John Martin, another Romantic painter, is invoked in Penda’s Fen. At the film’s climax, Stephen’s birth parents, whom his superego has similarly conjured up, seek to wrest him from his newly chosen path as an adult embracing his impurity as a being of mixed race and mixed sex – “light and darkness… mud and flame!” Because he flees them and the overlord role they had ordained for him in society, they try to extinguish him. Like Joan of Arc, he starts to burn, but Penda intervenes by zapping them. Despite the BBC’s modest means, Clarke captured – and essentially paganised – the spirit of Martin’s biblical apocalypse paintings The Great Day of His Wrath and The Destruction of Sodom and Gomorrah.
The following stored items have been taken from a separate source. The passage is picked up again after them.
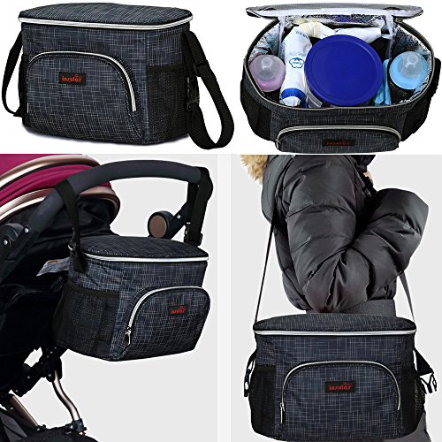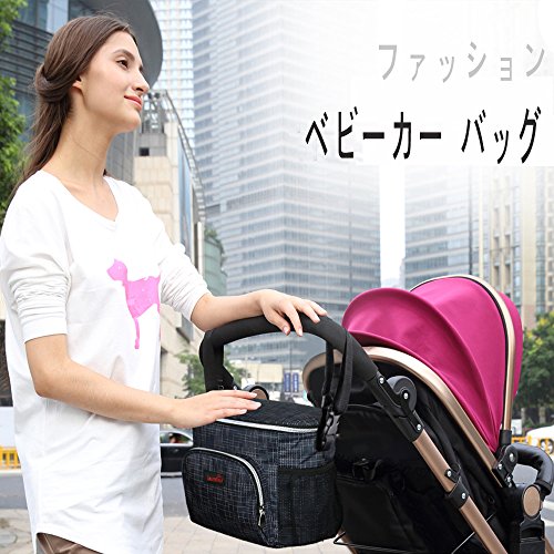 ベビーカー バッグ ショルダーバッグ両用 保温効果 ドリンク ボトル ホルダー 大容量 多機能小物入れ 収納 ママ バッグ 旅行 (ブラック)
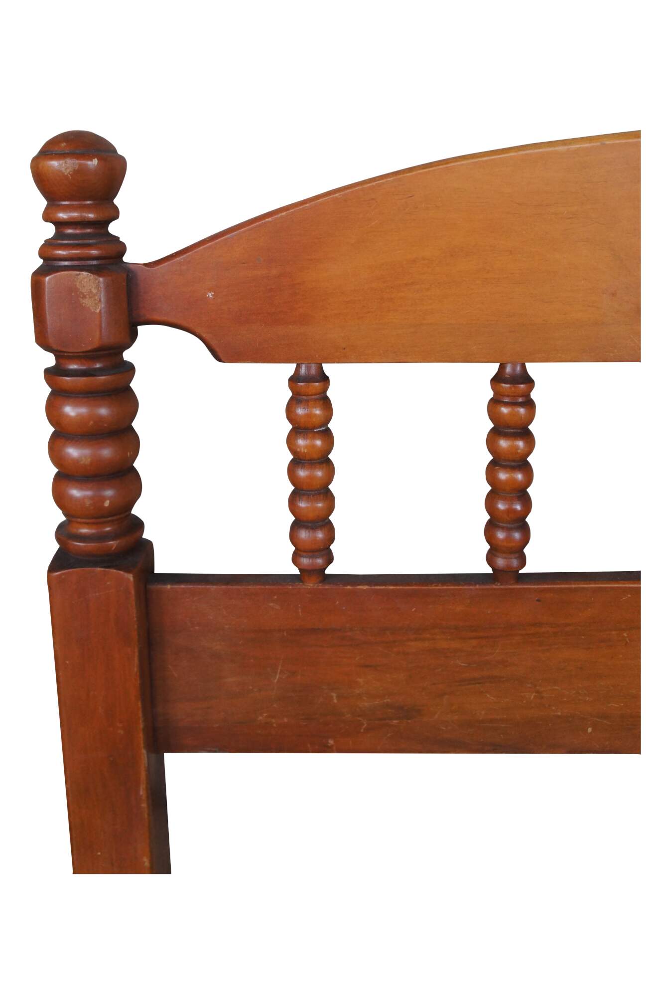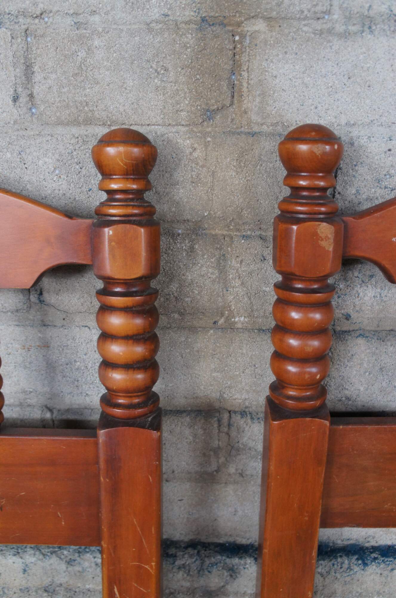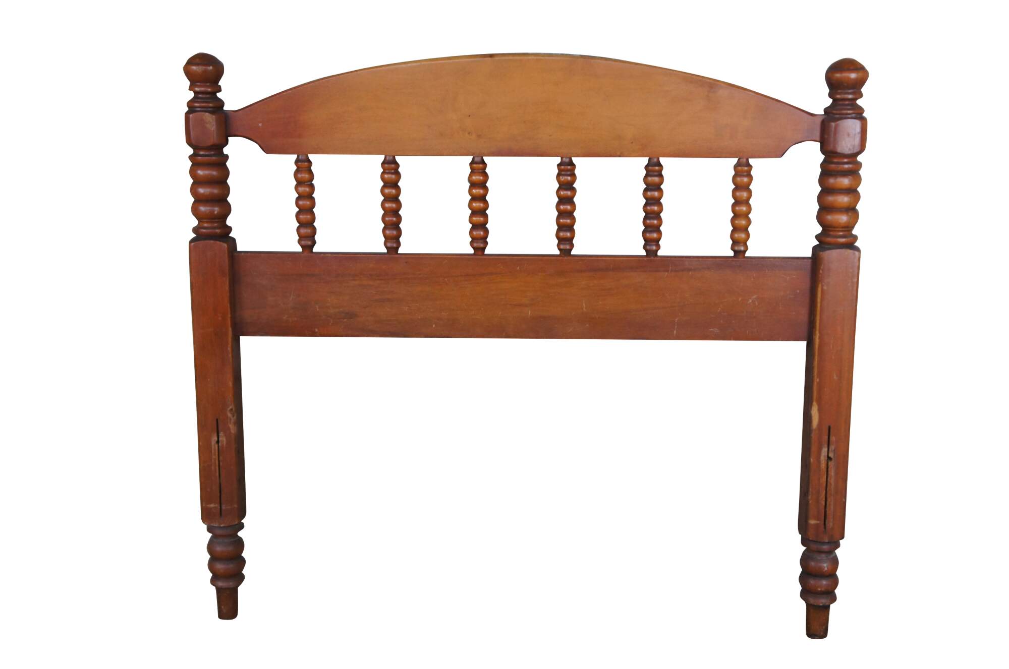Pair of Early American style twin size headboards. Made from maple with a crescent shaped back with ribbed spindles and turned posts.
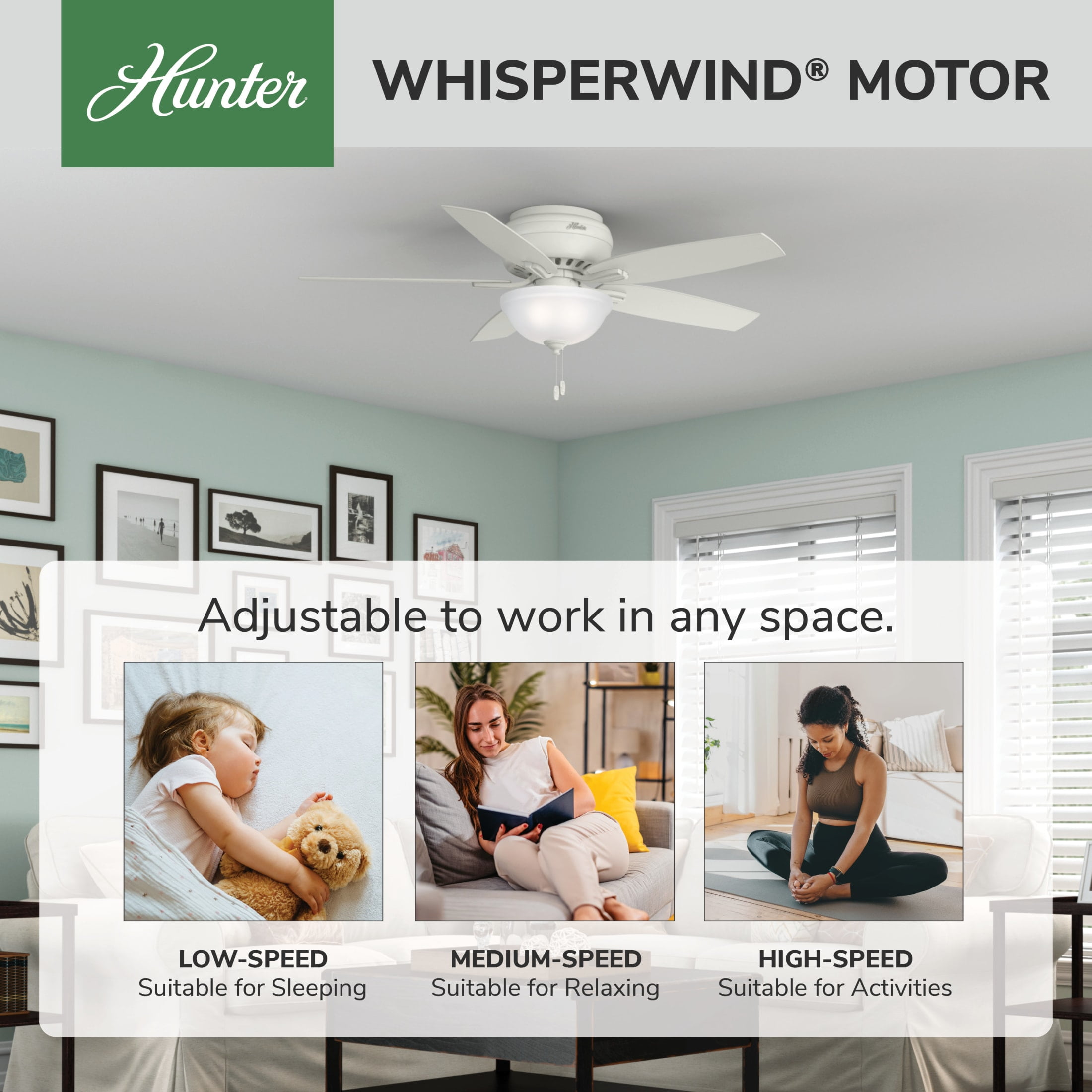 Hunter – Newsome Indoor Low Profile Ceiling Fan With Light, 52-inch, Fresh White, Traditional-style, 3-speed WhisperWind Motor, 53313, for Living Rooms, Bedrooms
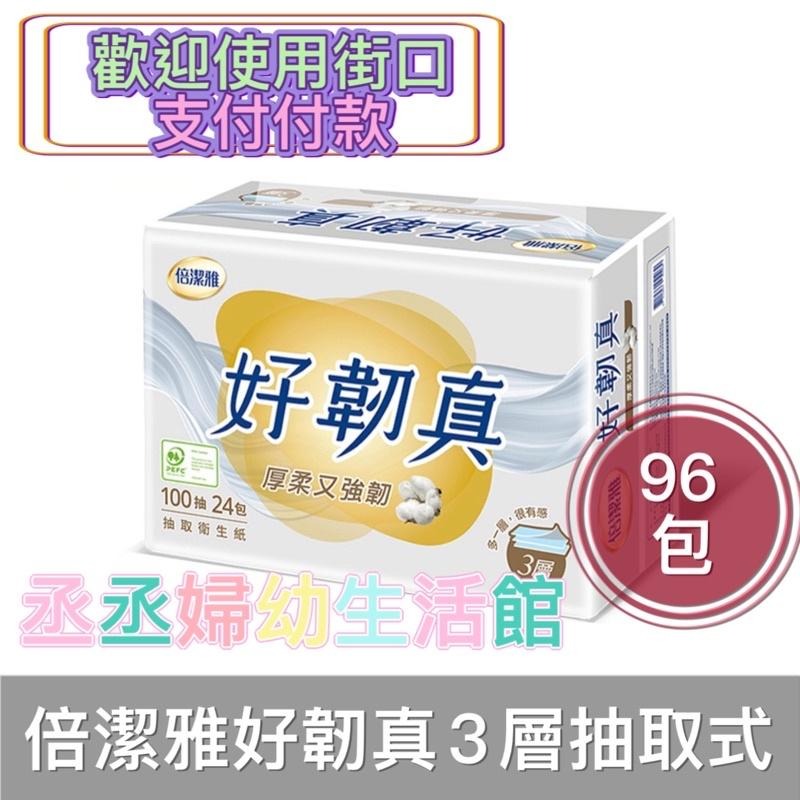 【限今日付款】倍潔雅好韌真3層衛生紙(100抽24包4袋/箱
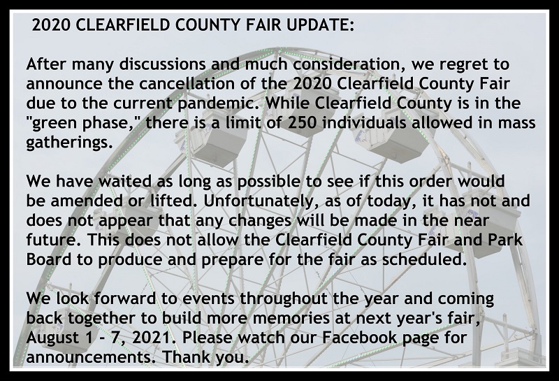 Clearfield, PA – The 160th Clearfield County Fair that was originally scheduled for Aug. 2 through 8 has now officially been canceled because of COVID-19 safety concerns and regulations.
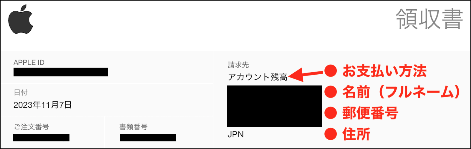 (お支払い方法が「アカウント残高」と表示されているのは、私が支払いに使用したお支払い方法が Apple アカウントの残高だったからです)

“It’s romanticism of a sort, I know,” Stephen’s father muses – considering the possibility that the “present bedlam” might not have occurred had Penda’s supposedly enlightened pagan despotism been followed and had the church’s institution mongers and doctrine men not perverted Christianity. Penda’s Fen is “Romanticism of a sort”, too – a bravely radical sort long absent from British television drama. Clarke wasn’t quite done with the Romantics. Two of the sedate housing-estate streets numbly walked by the eponymous adolescent heroin addict and pusher (Vicky Murdock) in his 1987 BBC film Christine are named for Coleridge (an opium addict) and Keats (allegedly a user). Her plight explains exactly why Britain needs its Pendas and its reborn Stephens.